Приближаясь к залитой ярким солнцем балконной двери, он слышал, как Ада что-то втолковывает Люсетте. Что-то забавное, относящееся до… уже не помню и выдумать не могу. Ада имела обыкновение завершать фразу скороговоркой, торопясь, обгоняя смех, но порой, вот как сейчас, короткий смешок вырывался вперед, расталкивая слова, и ей приходилось бросаться за ними вдогонку, ловить их и в еще большей спешке договаривать, сдерживая веселье, и тогда за последними словами накатывал троекратный всплеск громкого, гортанного, чувственного и не лишенного уютности хохотка.
– А теперь, радость моя, – прибавила она, целуя Люсетту в ямочку на щеке, – сделай одолжение: сбегай вниз и скажи нехорошей Белле, что тебе давно пора пить молоко с petit-beurre. Quick (живо)! А мы с Ваном пока заглянем в ванную или еще куда-нибудь, где есть приличное зеркало, и я его подстригу, он совсем зарос. Верно, Ван? О, я знаю, куда мы пойдем… Ну, беги, Люсетта, беги.
34
Резвые шалости под силихэмским кедром вышли им боком. Во всякое время, свободное от надзора шизофреничной гувернантки, от чтения, прогулок или укладывания в постель, Люсетта обращалась в бич божий. При наступлении ночи, если Марина не витала поблизости – если она, скажем, не бражничала с гостями под золотыми шарами новых садовых фонарей, мерцавших там и сям среди нечаянной зелени, примешивая керосиновый смрад к дыханию жасмина и гелиотропа, – влюбленные украдкой углублялись в темноту и не покидали ее, покамест «ноктюрн», промозглый ночной ветерок, не починал ворошить листву, «troussant la raimée»,[111]111
Забираясь под юбки (фр.).
[Закрыть] по выраженью ночного сторожа, скабрезника Соруса. Однажды, слоняясь по парку с изумрудным потайным фонарем, он на них натолкнулся, а несколько раз мимо них, негромко хихикая, прокрадывалась призрачная Бланш, чтобы в укромном углу отдаться еще полному сил, надежно подкупленному ими старому светляку. Впрочем, целый день дожидаться прихода благосклонной ночи было нашим нетерпеливым влюбленным невмоготу. Чаще всего они успевали выбиться из сил еще до обеда, совсем как в прошлом, только теперь им постоянно мерещилось, что из-за каждой ширмы, из каждого зеркала на них глазеет Люсетта.

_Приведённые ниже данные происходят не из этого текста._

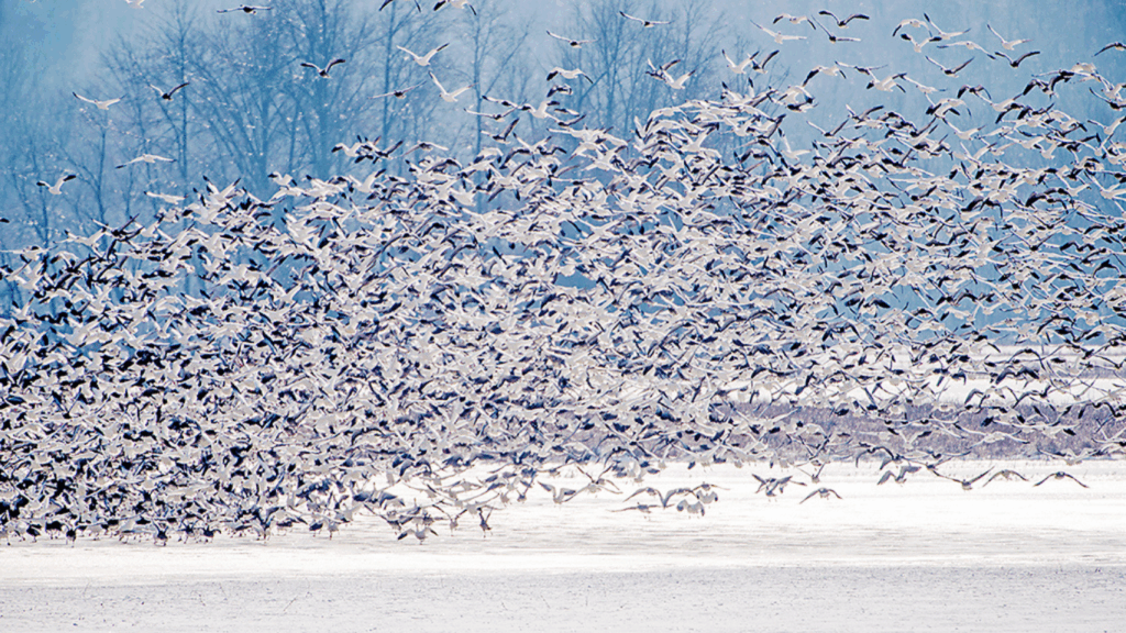 Mornings and late afternoons offer the most movement. Watch for Snow Geese, Greater White-fronted Geese, Northern Pintail, Gadwall, Canvasback, and Bald Eagles. On the right day, you may even spot Tundra Swans resting among the flocks.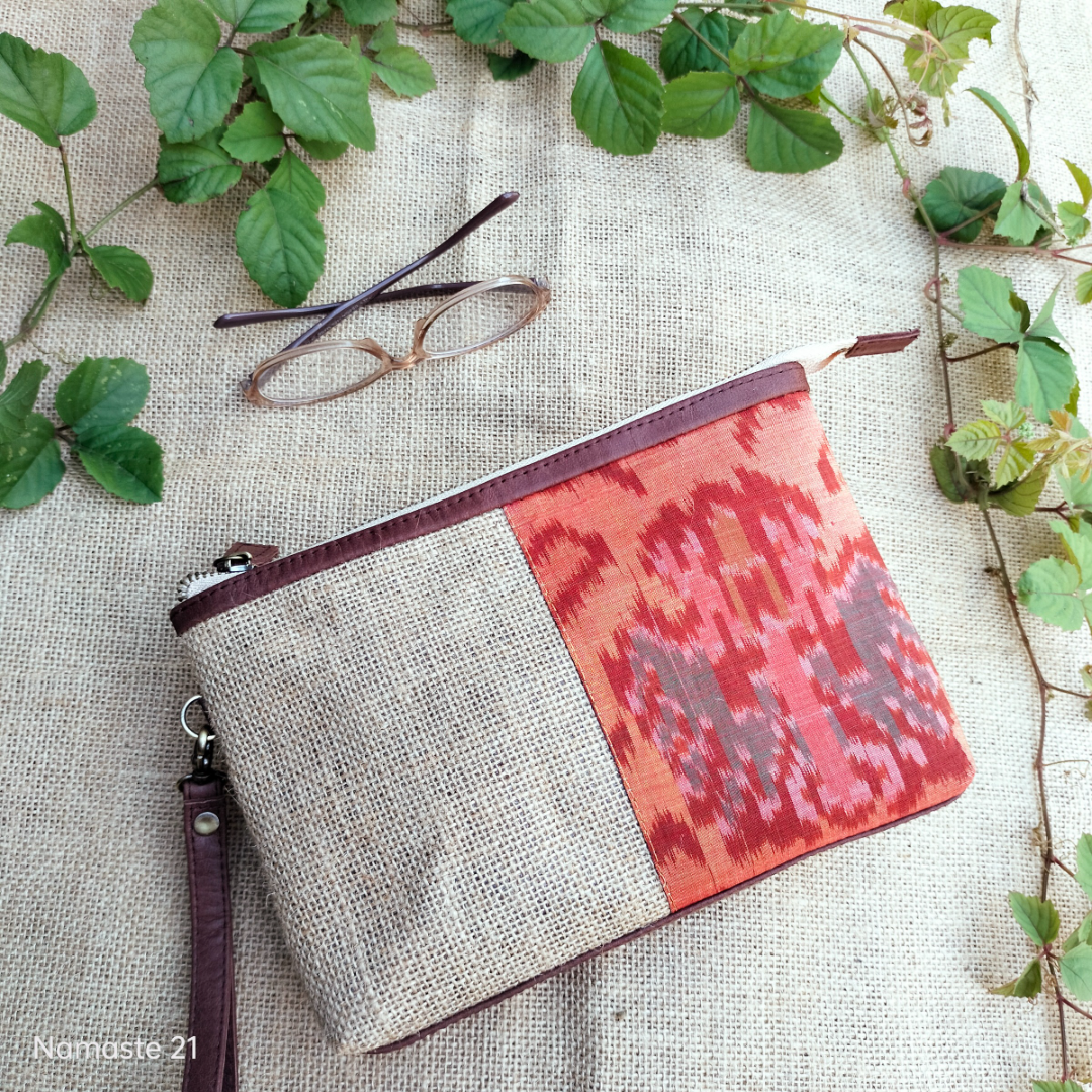 "Astika is a handcrafted women's pouch product made from laminated jute combined with Bali's traditional fabric, Endek. It adds a charming aura to its wearer." Size : 24 X 17 X 5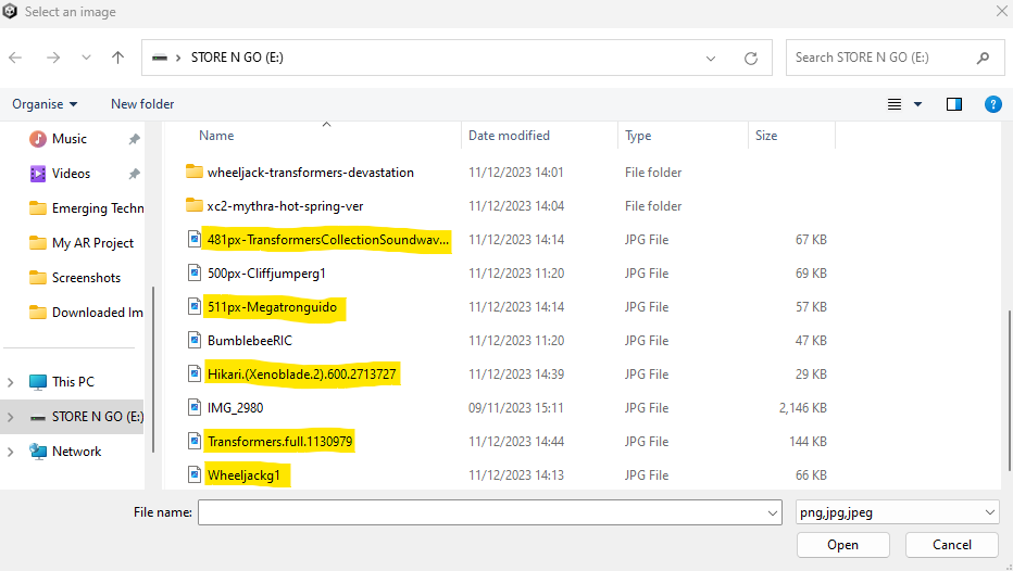 Next, I added 5 more images for Mythra, Wheeljack, Grimlock, Soundwave and Megatron I have downloaded onto the same USB memory stick as every other model and image I downloaded at that time and that I added as 5 more image trackers. The images I added to the Unity scene at that time are referenced in this post.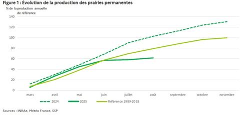 Au 20 août 2025, la production cumulée d’herbe depuis le début de l’année est inférieure de 23 % à la moyenne observée sur la période de référence de 1989-2018. Cette situation contraste avec celle du printemps car au 20 mai, la pousse était excédentaire de 17 %.

Они попытались укрыться на чердаке, но в самый последний миг обнаружили щель в полу, сквозь которую хорошо различался угол гладильни и расхаживающая по ней взад-вперед вторая горничная, Фрэнш, в корсете и нижней юбке. К тому же, оглядевшись, они затруднились понять, как им вообще приходило в голову предаваться нежной страсти среди расщепленных ящиков и торчащих отовсюду гвоздей или выбираться сквозь лаз на крышу, которую любой зеленый пострел с загорелыми до медного лоска конечностями мог обозревать целиком, затаясь в развилке гигантского вяза.
Оставался еще стрелковый тир, с разукрашенным, словно серальчик, альковом под покатой крышей. Но теперь здесь кишели клопы, пахло прокислым пивом, и все глядело столь скверным и сальным, что и помыслить невозможно было раздеться или прилечь на диванчик. Все, что Вану довелось здесь увидеть из его новой Ады, – это ее слоновой кости бедра и лягвии, и в первый же раз, как он их стиснул, Ада в самый разлив его могучего ликования попросила Вана заглянуть над ее плечом через подоконник, за который она еще продолжала цепляться, раскачиваясь в затухающих отзывных толчках, – он заглянул и увидел, как по тропинке в кустах к ним, прыгая через скакалку, приближается Люсетта.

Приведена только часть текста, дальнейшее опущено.